As of 2021, the town's estimated population is approximately 35,000 people. Under British Raj rule, Budhlada was a "riyasat" (princely state). Kishna Maur, the brother of 'Lok Nike' (hero of the people), Jiauna Maur, was arrested by Budhlada police station. Both brothers were known for their support of the poor. Moreover, Sucha Singh Soorma's village of Samaon is nearly 18 km (11 mi). Although, Budhlada is also an important center of the Praja movement, with freedom fighters utilizing it for many freedom movements, it remained neglected after India's independence. Following the death of Sewa Singh Thikriwala, the president of the Riyasat Praja Mandal party, local residents began participating in the Praja Movement. The martyr Captain K. K. Gaur, social reformer Babu Hitabhilashi, and scientist Dr. M. L. Singla, who headed the Chandrayaan program, are all from Budhlada.

== Demographics ==
As of the 2011 Indian census, the total population of Budhlada was 26,172. There were 13,832 males in the city (53%) and 12,340 females (47%). For every 1,000 men in Budhlada, there were 892 women. Furthermore, there were 2,882 children below six years of age, of which 1,599 were boys and 1,283 were girls. 11% of the total population was under six years of age. The number of working individuals in Budhlada was 8,726, with the remaining 17,446 unemployed. Out of 26,172 people, 18,680 people were literate. Budhlada has a literacy rate of 80.2%, higher than the national literacy rate of 74.0%. Sikhism and Hinduism are the major religions practiced in Budhlada, making up about 98% of the population.

== Geography and climate ==
Budhlada is located at and has an average elevation of 211 m. The border of Haryana state is 25 km away from the city.

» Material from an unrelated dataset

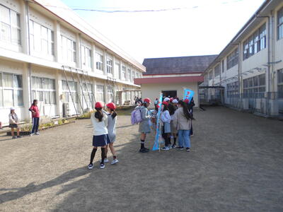 また、学校正門以外でも、靴箱出入口に子どもたちが立ち、あいさつを頑張っています。学校、地域が一丸となっています。
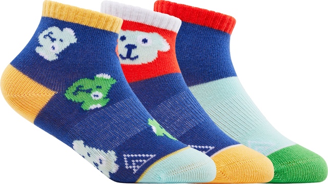 Three-pair pack of quarter crew socks comes in eco-friendly recyclable packaging

Budhlada has a semi-arid climate, with temperatures ranging from 49 C in the summer to 1 C in the winter.

==Transport==

===Road===
The city is located on the major roads SH-21 and NH-148B. The border of Haryana State is 25 km from the city, and the city is connected by road with Mansa 33 km, Bathinda 88 km, Chandigarh 174 km, Fatehabad 65 km and Patiala 109 km.

===Railways===
The railway station of the city was established in 1895 under the Southern Punjab Railway. It is now situated on the Delhi-Ferozpur main railway line of Northern Railway and is connected with other major cities in India, including Delhi, Mumbai, Guwahati, and Kolkata.

===Air===
The nearest airports to the city are Bathinda Airport (86 km) and Patiala Airport (89 km). The nearest International Airport is Chandigarh Airport (170 km).

==Places of interest==

Budhlada is 70 km away from Bathinda and is situated on the Delhi-Ferozpur rail line. A popular Gurudwara Braham Bunga is located in Dodra, 10 km from Budhlada. Every year, three main संगम (Gathering place) are held at Dodra in the months of March, September, and December. Sangat from all over the world comes over during these संगम events to take laha. The city is connected by rail and road to the cities Punjab and Haryana. Budhlada may not have as many tourist attractions as some of the other cities in Punjab, it does offer a few interesting places to visit which include Krishna Mandir, Shiva Mandir, Hanuman Mandir, Gurudwara Shri Guru Teg Bahadur Sahib, Guru Nanak College, YLS Academy of Education, Jagat Resorts, Pool Centre, New Judicial Court complex, ITI Stadium and Bharati Palace, Ram Bagh (park).

==Education==
The city has several schools that offer primary, secondary, and higher secondary education. Some of the most prominent government schools in the town include the Captain KK Gaur Girls School and Government Boys Senior Secondary School. There are some private institutes in the city for engineering and medical entrance examinations. National Institute of Computer Education and the ITI (Industrial Training Institute) offer technical education to the students. There is one government-funded college as well.The leading educational institutions of the area are Guru Nanak College, LADM DAV Public School, and Manu Vatika Day Boarding School.